Negotiating a rugged trail is difficult enough for humans, but JLR aims to make it possible for autonomous vehicles.

As a series of recent collisions has demonstrated, it’s not easy to develop cars capable of driving on their own on a regular roadway. Now, imagine the challenge that would be involved in programming an autonomous vehicle to operate off-road, as well.

But that’s precisely what Jaguar Land Rover is hoping to do with its new Project Cortex, the British automaker saying it will invest nearly $5 million to come up with vehicles that have all-terrain, all-weather autonomous capability.”

“Self-driving is an inevitability for the automotive industry,” explained Chris Holmes, JLR’s director of Connected and Autonomous Vehicle Research. “It’s important that we develop our self-driving vehicles with the same capability and performance customers expect from all Jaguars and Land Rovers.”

That’s a pretty tall order when one considers what it takes to achieve even partial hands-free driving. Manufacturers not only have to equip their vehicles with a range of camera and laser, radar and sonar sensors, but also develop extensive, high-resolution, 3D maps that are accurate enough to keep a vehicle from straying more than a few inches in its lane.

Jaguar will provide up to around 20,000 vehicles for Waymo's ride-sharing service.

(Waymo set to purchase 62k Chrysler Pacifica hybrid minivans for ride-share service. Click Here for the story.)

When you’re going off-road there are no lane markers and, except for a handful of well-traveled trails, there’s likely to be no way to pre-map a route. So, like a human driver humping it off-road, the sensor fusion system will have to go the extra mile, so to speak, and make a lot of judgements on the fly about which is the safest route to travel, even when there’s a log, boulder or stream in the way.

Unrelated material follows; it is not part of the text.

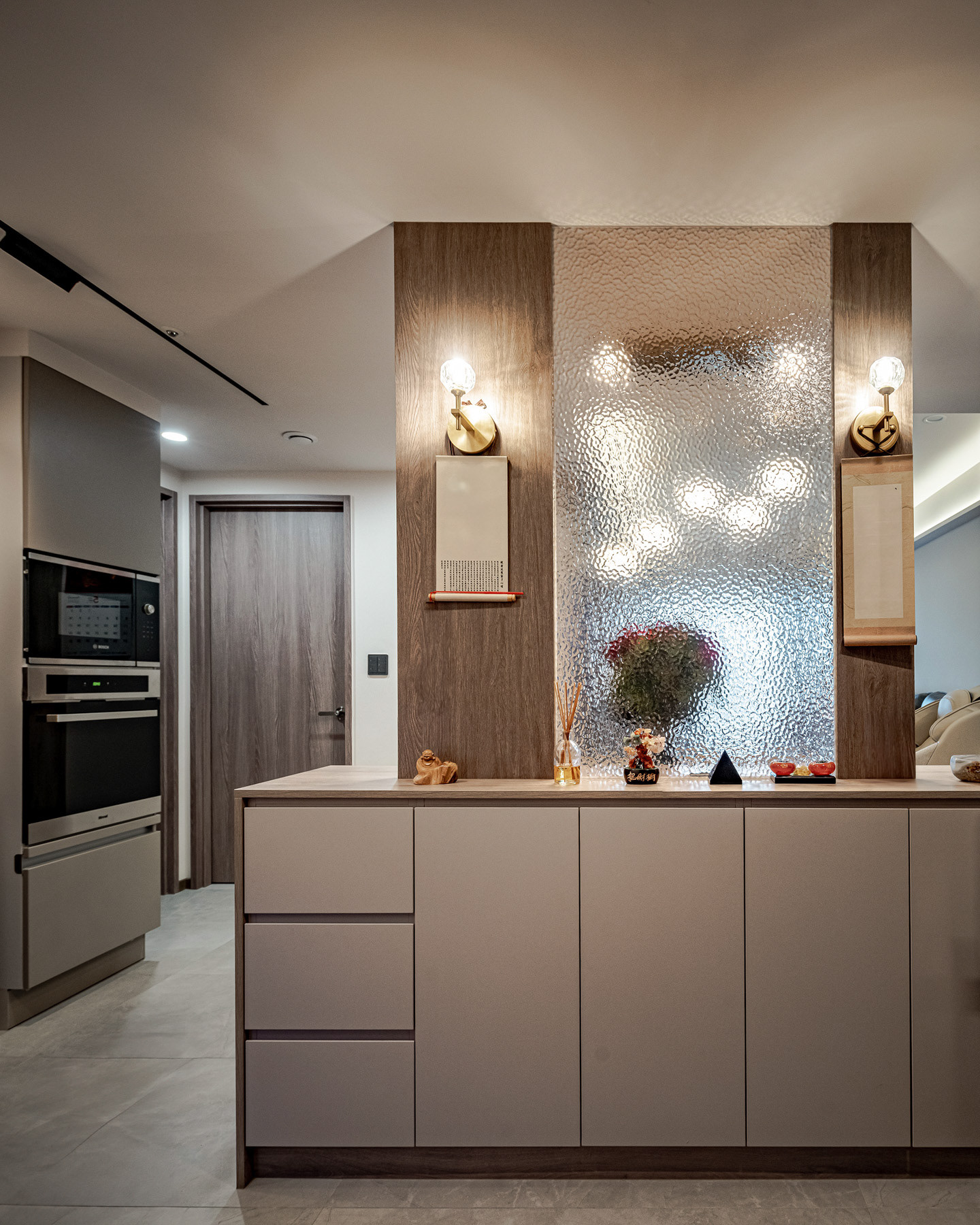 水波紋/長虹玻璃: 運用這些材質,讓光線在其中產生豐富的變化,既豐富了視覺層次,也巧妙地增添了空間的輕奢感。

Cortex will be working with the University of Birmingham, in the UK, as well as machine learning company Myrtle AI, to “develop the technology through algorithm development, sensor optimization and physical testing on off-road tracks in the UK,” the company explained in a statement.

The goal is to create a technology JLR calls “5D,” fusing the signals from all the sensors together to create an even more detailed view of the world than the human eyes and ears can create. That will be used to control a range of vehicle functions, including steering, throttle, transmission and braking.

Like other AI systems, the system is expected to improve its understanding of the world over time, and what’s learned by one vehicle is shared with others.

Navigating even well-paved, well-marked roads has been a challenge for autonomous vehicles developers, like Waymo.

“Cortex gives us the opportunity to work with some fantastic partners whose expertise will help us realize this vision in the near future,” said Holmes, though exactly what that translates into isn’t quite certain.

(Click Here for more Jaguar Land Rover profits falling due to declining diesel sales.)

What is clear is that there’s an industry-wide race to bring autonomous and even more advanced, fully driverless technologies to market, and in a hurry.

The first of what experts call Level 2 systems, capable of limited hands-off operation – such as Audi’s Traffic Jam Pilot, Cadillac’s Super Cruise and Tesla’s Autopilot – are already on the market. More advanced Level 3 systems that can operate pretty much hands-free in many, if not most, on-road  situations are expected to be available for retail applications by late this decade or early in the 2020s. These will continue to require a driver remain at the ready to take over operations in an emergency or on roads not mapped or marked to the necessary level.

Still more advanced, driverless vehicles are already in testing. Waymo, the Google spin-off, wants to put them into commercial use in a ride-sharing service that will launch in Phoenix later this year and then expand to other markets. Jaguar will provide up to around 20,000 of the new I-Pace battery SUVs for use by Waymo.

General Motors’ Maven subsidiary is expected to take similar steps next year, and Uber and Lyft hope to follow. These Level 4 systems will still have some limits in terms of where and when they can operate. Particularly challenging will be prepping them to operate in inclement weather conditions, especially snow and ice.

(For more on the Waymo/JLR partnership, Click Here.)

JLR’s Cortex is pushing the technology to the limits. What the automaker isn’t saying is whether a driver will be required to remain at the ready, as with Level 2 and 3 systems, however. But even if that’s the case, the ability to operate, quite literally, outside the lines, would be a significant development.